Hi experts,
I am trying to figure out the best settings in DADA2 on my MiSeq PE reads targeting ITS2. In a previous post I found it very helpful, the focus was mainly on the number of features in setting trunc-len DADA2, truncation lengths and features number
But what about total frequencies? on a subset of my data here is what I got:
using trunc-len-f 250 and trunc-len-r 199: total Features=788 and total Frequencies=170,363
using trunc-len-f 250 and truc-len-r 204 : total features= 804 and total frequencies= 168,588
Which truncation to choose from? One might say go with the higher features but losing sequence counts might affect my low abundance samples.
I appreciate your inputs,
Thanks!
Great question. Can you also post the quality score plots for the forward and reverse reads? That’s will help me understand what’s in those last 5 bp you are trimming off.
My first through it that 5 bp would only make a small difference, and that seems to be true: a change of 16 ASVs and around 1% of your reads is pretty minor. I think you could safely choose either of these results!
This is ITS2 region with an amplicon of 340-360bp, after trimming forward and reverse primers I should get roughly ~320 bp in DADA2. In both truncation scenarios, my reads should have enough overlap to be joined.
Yes let’s hear what others have to say.
Thanks for your input!
My 2 cents. As @colinbrislawn mentioned I think you can choose either of those cases because they produced negligible (in my opinion) differences. I’m guessing the bulk, if not all, of the increase in your features # probably comes from singletons or features with very low frequencies in a handful of samples only. You can check this for yourself. These are typically removed when you are doing differential abundances analyses anyways as they don’t really provide much information and increase noise, so it won’t affect anything there, and in indexes where they drive alpha-diversity changes see this great discussion about why perhaps those are incorrect to begin with.
Ultimately you can look at the sequencing depth of your samples between the two cases and see if one allows you to retain more samples. In that case, I would stick with that option.
Edit: After re-reading the discussion I linked myself, I realize perhaps most of those feature increase are not singletons per se, as DADA2 tries to avoid those, but I think they would still fall within the realm of very low frequencies within very few samples.
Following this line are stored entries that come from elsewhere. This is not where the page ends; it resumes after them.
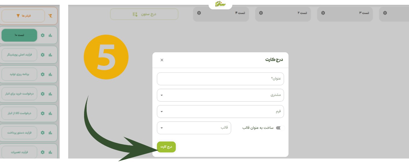 در نهایت، پس از تکمیل اطلاعات و انتخاب گزینه درج کارت، کارت مورد نظر با موفقیت در ستون انتخابشده ثبت میگردد
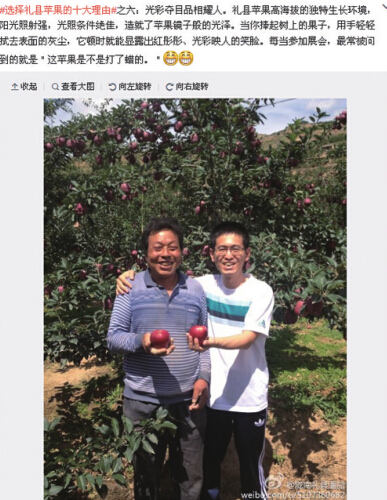 苹果被冰雹破相滞销利用微博帮果农推销
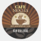 Le café est le nom du jeu sur cet autocollant qui utilise les couleurs et les images des cafés. Un insigne représentant une tasse de café à la vapeur se distingue par un cercle beige ponctué d'étoiles. Des poutres Brown éclatent derrière le badge et vos principales informations commerciales s'impriment en dessous dans un panneau noir avec des images de grains de café. Disponible avec des produits correspondants.
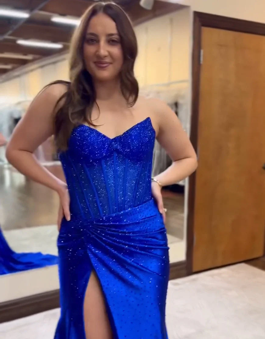 Design: Cette robe de bal en satin bleu royal sans manches présente un décolleté en coeur classique et un élégant dos nu. Le haut corset épouse parfaitement le corps et le tissu sirène met en valeur votre silhouette. La traîne et les perles apportent une touche de glamour à cette robe longue pour une soirée mémorable.

250 bp per read x 2 reads = 500 bp for each read
500 bp - 51 bp (or 46) = 449 total coverage
449 - 360 = 90 bp of overlap
(the area between 110 and 200 on reverse read)
While the quality in that area is not great, that should be plenty of space for dada2 to join and error correct these reads.
Great explanation @colinbrislawn! and thanks @Mehrbod_Estaki for your suggestion, I did check these additional features, what I noticed all of these extra features occurred just once ( in one sample) !!
Normally, I tend to remove features not occurring at least twice in my samples before conducting any statistical analysis.
Now, I am more inclined to stay with the first scenario ( trunc-len-f 250 and trunc-len-r 199).
Thanks!
The one ITS-specific worry I might have, is that there is more real biological length variation here, and that perhaps a few long real amplicons are lost with the shorter trimming. But I don't know enough about ITS2 to know if that's the case or not, and for 16S I would follow exactly the reasoning @colinbrislawn laid out.